- [What you need to do]:
Only some lines are wanted: please transcribe exactly those from the one containing "Más de 50 asociaciones" through the end of the data, pictures excluded.

### Data excerpt

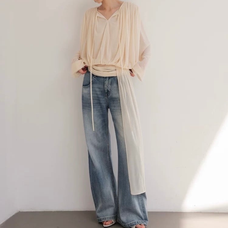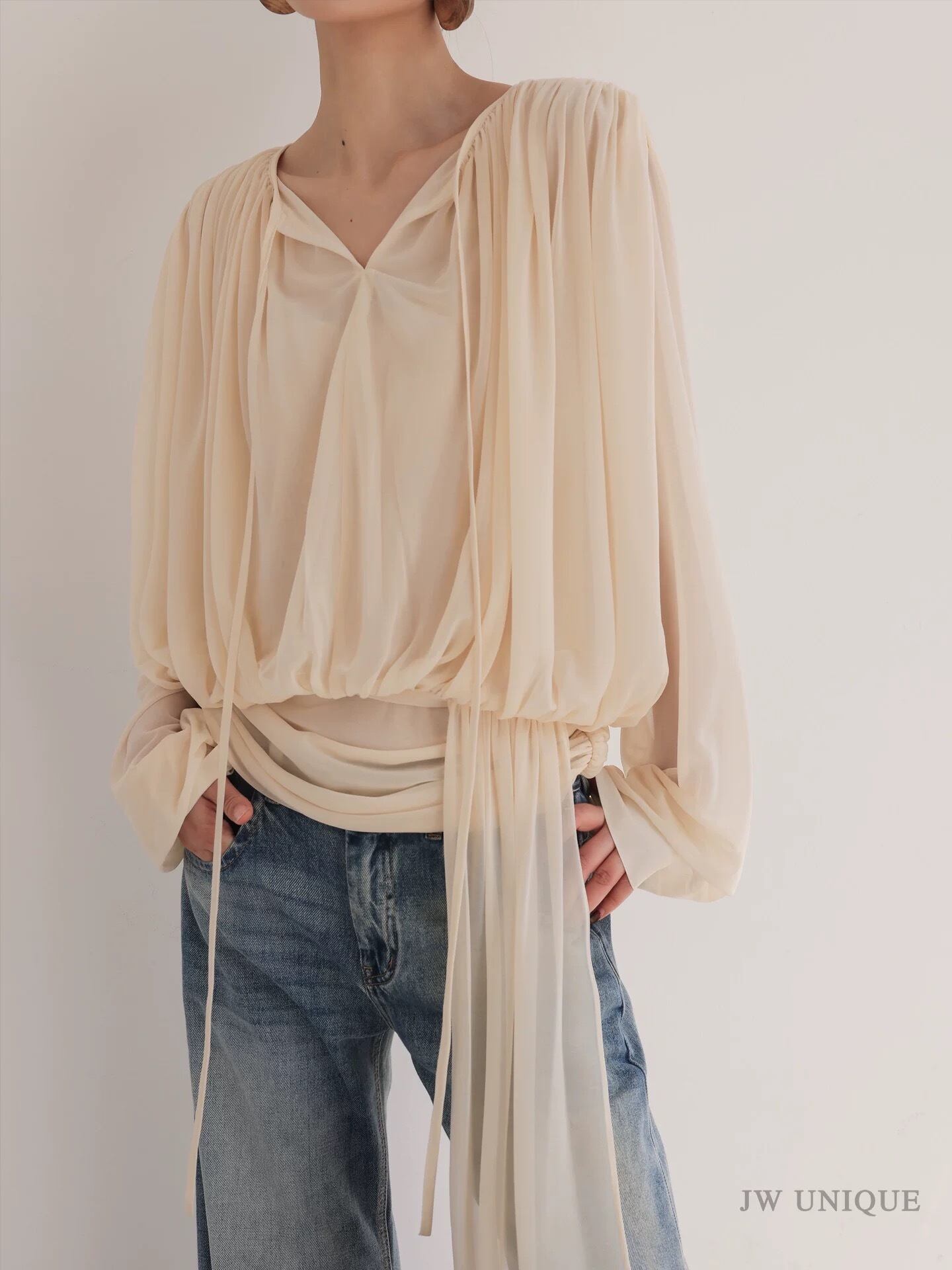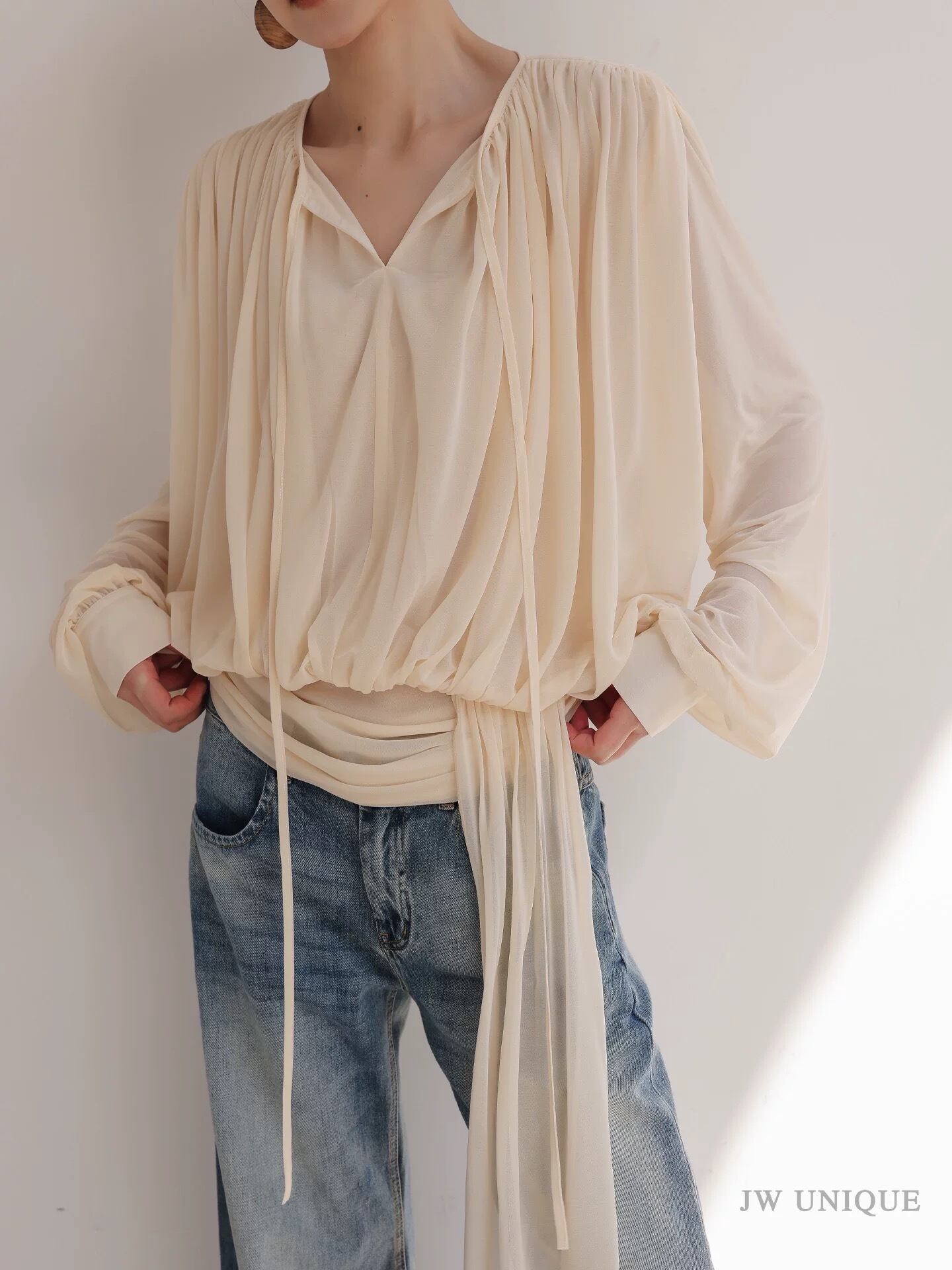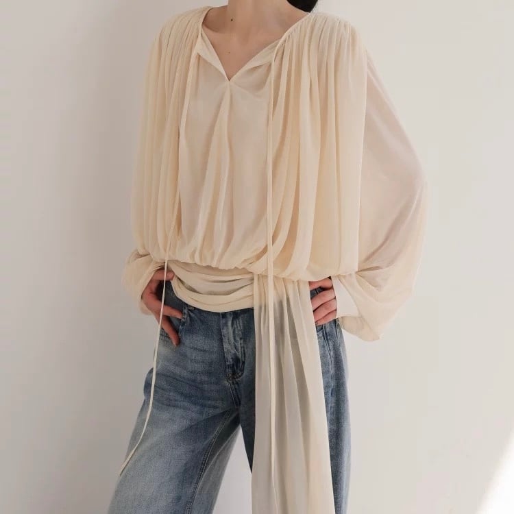 ボウタイドレープブラウス
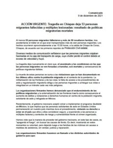 Más de 50 asociaciones exigen que el gobierno investigue accidente de migrantes en Chiapas
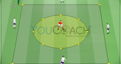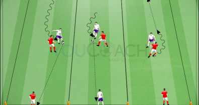 1対1の勝負を通じて、ドリブル、フィジカルコンタクト、ポジショニングなどの要素を鍛えるシチュエーショントレーニングです。戦術

######

- [Task output]:
 Más de 50 asociaciones exigen que el gobierno investigue accidente de migrantes en Chiapas
 1対1の勝負を通じて、ドリブル、フィジカルコンタクト、ポジショニングなどの要素を鍛えるシチュエーショントレーニングです。戦術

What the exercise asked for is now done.